Similarly, early guidance from Microsoft’s new “Answer Engine Optimization” playbook emphasizes that merchants need to enrich product feeds and content assets with data points that explain not just the obvious product attributes, but with more context around why a product matters and when it performs best.
Brands that invest in structured, high-quality product information that provides this context for shoppers aren’t just feeding machines with dry catalog data. Instead, this data will enable AI chatbots and agents to “resolve shopper intent accurately,” as PPC Land notes.
Reframing Affiliate Strategy Around Shopper Needs
As consumers increasingly expect a more personalized experience, marketers need to think beyond their current approaches and invest in unified customer data foundations that they can layer intelligent personalization tools into.
These tools must prioritize use cases that provide measurable customer value by delivering the right messages at the right time to the right shopper. This is how marketers can begin to think of personalization as a system, rather than just a tactic.
As part of this, affiliate partnerships that truly drive value are the ones that intersect with the shopper’s problem-solving process. That means evaluating affiliate strategy through questions like:
- Where and how are shoppers seeking reassurance about the “value for the money” of this product?

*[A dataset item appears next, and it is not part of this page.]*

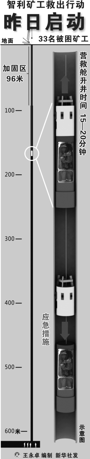 救援舱每完成一次升降井大约需要一小时,因此33名受困矿工最迟在15日全部获救。

- What informational gaps cause friction resulting in shopper doubt before checkout?
- Are product and offer data structured in ways AI systems can understand and surface?
- How can offers, cashback and rewards reinforce confidence in a product at the moment of high intent to purchase?
With all the different types of publishers that can contribute to a shopper’s confidence in the product and in the value of your products, from influencers to review sites to LLMs/agents to cashback partners, affiliate can become part of the overall experience that guides a shopper through their cycle of exploration, research, comparison, validation and, finally, purchase.
The Strategic Opportunity
Merchants need to keep the importance of contextual problem-solving data in mind, and work to integrate robust product information, structured conversational attributes and seamless value propositions by working with publishers and systems that can best deliver this information at the right time in shoppers’ journey.
In this new era, understanding and investing in the journey is the highest-paying strategic investment you can make. As marketing becomes less about message amplification and more about individualized experience architecture, marketing leaders should evolve from asking, “How do we reach customers?” to, “How do we design systems that continuously earn customer trust and relevance?”
Michelle Wood oversees the merchant network side of the Wildfire Systems platform. Her team builds productive partnerships with online retailers and affiliate networks, bringing them into the Wildfire platform and improving their incremental revenue opportunities. With over 16 years of experience in digital media, affiliate marketing and influencer media sales, Wood has worked with many of the world’s most notable enterprise ecommerce companies to acquire new and loyal customers and exceed revenue targets with positive ROI. Prior to Wildfire, she held executive positions with leading performance marketing companies including ShopAtHome.com and Coupons.com.